It is this last issue that may be the book's legacy. Tennant attempts to awaken his readers to the horrors of pollution, pesticides and humans meddling in the workings of nature. But the book offers so much more. Rare is the literary experience that gives readers adventure, knowledge and a new perspective on an important issue. "On the Wing" soars in its accomplishment of all three.

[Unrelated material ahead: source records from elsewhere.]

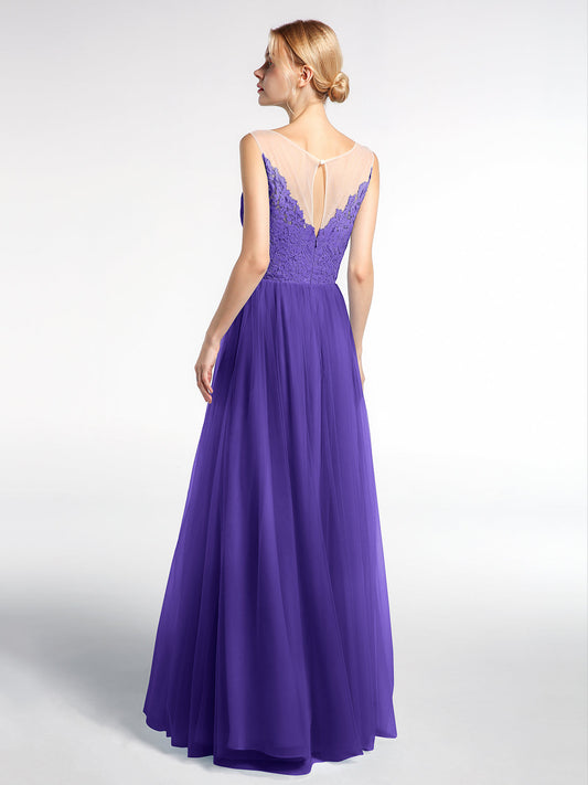 Babaroni TessVestidos de dama de honor de tul cruzado con escote ilusión Regencia
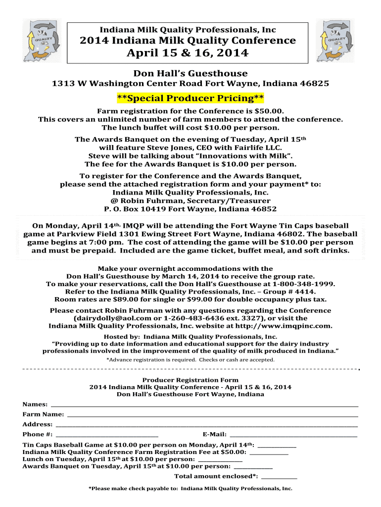 Get the free Indiana Milk Quality Professionals Inc 2014 Indiana Milk
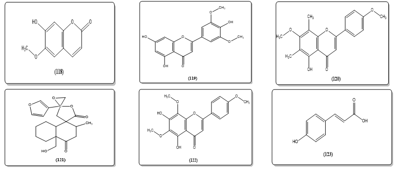 Several compounds were isolated and identified from the leaves and stems of Aphelandra aurantiaca which consists of scopoletin(118), chrysin(119), eucalyptin(120), gnaphalin(121), nevadensin(122) and p-coumaric acid (123) in the form of ester with glucose [53].
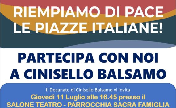 Decanato di Cinisello Balsamo vi invita Giovedi 11 Luglio alle 16.45 presso il SALONE TEATRO – PARROCCHIA SACRA FAMIGLIA, Piazza Sacra Famiglia 1 ad un collegamento in diretta con Kiev per unirci al momento di preghiera interreligiosa per la pace promosso dal Movimento Europeo Azione Nonviolenta.
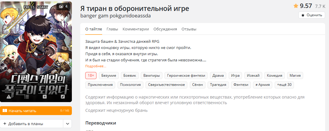 Переведено всего 26 глав на русский, ибо средний идиот-переводчик любит переводить одно говно а тайтлы с хотя бы относительно хорошими сценариями тонут в небытие(сами учите ваш заморский). На инглише можно найти 100+ глав.
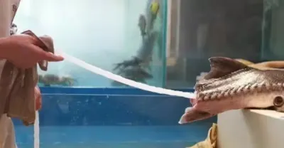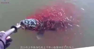 母蛇頭魚被釣起,上千條小魚寶寶合力救母,男子受感動將其放生

Rating:  Summary: Migrations Beginningless and Endless Review: This is a mostly engaging story about tracking the awe-inspiring migratory patterns of peregrine falcons by plane and radio. Tennant and his ornery veteran pilot George Vose made use of purloined radio telemetry equipment, and in many perilous journeys in Vose's small plane, they managed to track migrating falcons for thousands of miles. With great inspiration they followed one from Texas all the way to Alaska, and some more from Texas to Central America. Tennant ably documents the thrill of almost getting inside the minds of falcons as they follow their instinctual routes across continents. You'll grow attached to the particular birds, who clearly have their own personalities, as can be seen in their flight patterns and hunting habits. In fact, the most heartrending moment in the book comes when Tennant realizes that one falcon named Delgada, whom they had tracked from Texas, probably perished in a military anti-drug operation in southern Mexico. While this book will be a treasure for bird lovers who yearn to learn more about migratory habits and other behavior (Tennant describes many other bird populations in passing as well), this book also functions as a rather uninteresting and unfocused travelogue that is poorly written and organized. Descriptions of trouble with government pencil pushers, military bureaucrats, and skeptical villagers try the reader's patience and detract from the scope of the book, as does completely useless news about Tennant's personal life. Those fascinated by falcons and the thrill of discovery will find many rewards in this book, but may find themselves skimming large portions of it. [~doomsdayer520~]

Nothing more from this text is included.